Therefore each is an immaterial outflow, not like the outflow of
odours, which are conjoined to a decrease of the substance; not
like the outflow of heat from a raging furnace, or anything
similar, by which the spaces in between are filled. For this form
is not anywhere except in the opposite and withstanding body; the
form of the light on its opaque surface, but the form from the
motor virtue in the total corporeality: but in the intermediate
space between the sun and the surface, the form is not but has
been. But if they were to meet the concave spherical surface of an
opaque body, both solar forms would be scattered in that concavity
together with all that abundance with which they have emanated from
the body of the sun: in this way as much of the form would be in a
wide and farther-away sphere of this sort as is in the narrow and
nearer sphere. And since the ratio of convex spheres is the ratio
of the squares of their diameters : therefore the form will be made
weaker in unequal spheres in the ratio of the square of its
distance. And again because circles have the same simple ratio as
their diameters: therefore in longitude the form is weaker in the
same ratio of its distance from its source."

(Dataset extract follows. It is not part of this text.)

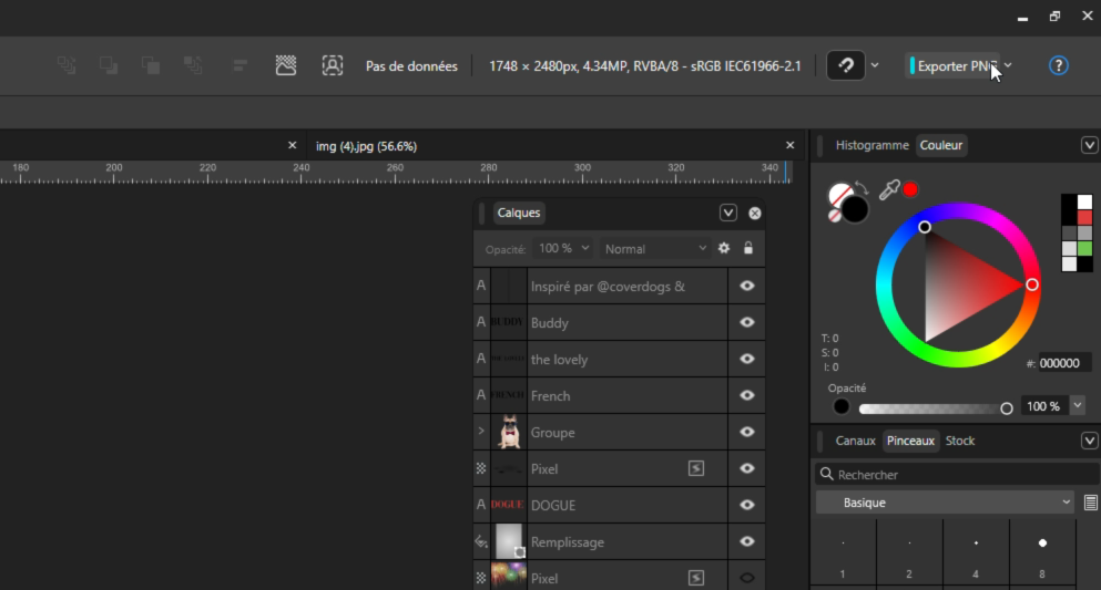 Pour exporter une création instantanément, cliquez sur le bouton Exporter en .png en haut à droite de la barre d'outil supérieure.

Though Kepler's own theory differed from Gilbert's it was still
often seen as basically an attraction by an unseen emission theory
akin to Gilbert's - and some like Galileo and Descartes considered
this somehow 'occult' and preferred to look for more simply
mechanical if still unseen causation. Of course Kepler correctly
followed Gilbert in having the Moon causing Earth tides, and additionally correctly had
gravity decrease as the square of the distance from its source
though incorrectly assigned by him to magnetism - basically using a
Gilbert approach and logic. And while Kepler preferred his own mechanical
adaptation of Gilbert's theory, he did at some points use an actual
Gilbert signal attraction theory of gravity to aid
explanation. He did have gravitational effluvia as sometimes material and sometimes immaterial, though he seemingly chiefly settled on an atomist Galileo-Descartes material push-physics mechanism and view of matter.

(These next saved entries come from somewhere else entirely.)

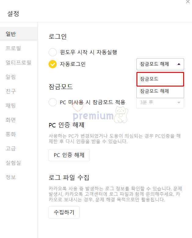 - PC 카카오톡 잠금모드 해제 방법은 '자동로그인 항목에서 잠금모드 해제'를 클릭하시면 잠금모드가 해제됩니다.
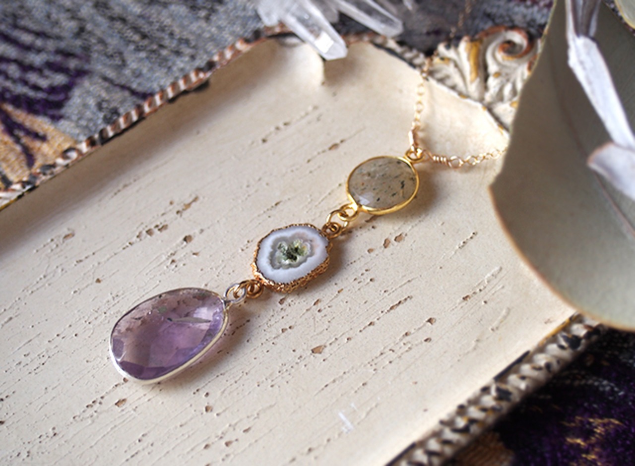透明なライラック色が優しいアメジスト、花のように結晶が広がるスタラクタイト、植物のような内包物が浮かぶエピドートインクォーツ。
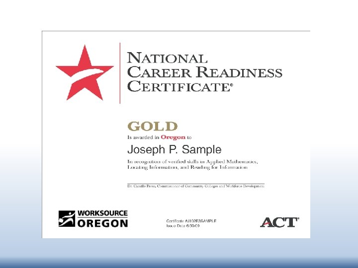Oregon’s National Career Readiness Certificate (NCRC) A nationally recognized, portable certificate A workforce development tool Supported by HB 2398, passed by the Oregon Legislature, federally funded A public-private partnership For skill assessment and certification For recruitment and hiring Used by employers, job applicants and educators
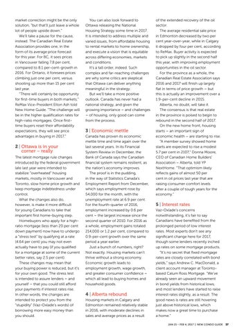5 | Interest rates Vaz-Oxlade’s concerns notwithstanding, it’s fair to say Canadians have benefited from the prolonged period of low interest rates. Most experts don’t see any significant change here for 2017, though some lenders recently inched up rates on some mortgage products. “It’s no secret that fixed mortgage rates are closely correlated with bond yields,” says Andrew C. MacDonald, a client account manager at Torontobased Calum Ross Mortgage. “We’ve already seen an upward movement in bond yields from historical lows, and most lenders have started to raise interest rates slightly, as a result. The good news is rates are still hovering just above historical lows, which makes now a great time to purchase a home.” JAN 21 - FEB 4, 2017 | NEW CONDO GUIDE 37

Kepler rightly judged Tycho Brahe's improved planet motion accuracy as important chiefly because lower accuracy wrongly supported circular orbits and a push-physics, while better accuracy more correctly supported ellipse orbits and really Gilbertian attraction physics. But Kepler's explanation of planetary motion was only of planets motion
around the Sun, not involving the motion of moons around planets -
though Gilbert did consider both. Kepler's theory of planet motion
involved the Sun being the sole causal agent, and involved no
mutual action - though mutual action was central to Gilbert. Kepler
saw the Sun basically as having solid pushing magnetism extensions
that transferred its own rotation to planet orbitings, and as also
having magnetism elastic extensions that somewhat pulled planets
towards itself. This was an explanation that could theoretically
work for planet orbiting only, and nothing else, and it was far
from realistic physics. It seems unlikely that Kepler actually developed his astronomy maths from that,
and somewhat more likely that he really did so like Newton from the attraction physics that he sometimes adopted ? (See www-history.mcs.st-andrews.ac.uk/Extras/Keplers_laws.html and www-history.mcs.st-andrews.ac.uk/HistTopics/Kinematic_planetary_motion.html)

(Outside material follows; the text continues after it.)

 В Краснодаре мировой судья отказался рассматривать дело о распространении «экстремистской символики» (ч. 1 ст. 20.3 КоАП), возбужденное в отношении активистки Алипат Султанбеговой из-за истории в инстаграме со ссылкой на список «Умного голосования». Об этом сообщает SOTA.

But at times Kepler did almost seem to perhaps get nearer to the truth, as
in this quote from one of his letters.
"My aim is to say that the machinery of the heavens is not like a
divine animal but like a clock, and that in it almost all the
variety of motions is from one very simple magnetic force acting on
bodies - as in the clock all motions are from a very simple
weight." - Letter to J. G. Herwart von Hohenburg, 16 February 1605,
KGW 15, 146. (From www-history.mcs.st-andrews.ac.uk/Quotations/Kepler.html)
Rather later Einstein was to make claims about the precession of Mercury that disputed Kepler's laws of
planetary motion but he put as disproofs of all of Newton and little effort was made to find alternative explanation such as eg the Sun's magnetism with its 11-year cycle.
Like most early scientists Kepler had to do paid work, in his case chiefly as an astrologer - and was a somewhat unconventional Christian, in his case an excommunicated Protestant.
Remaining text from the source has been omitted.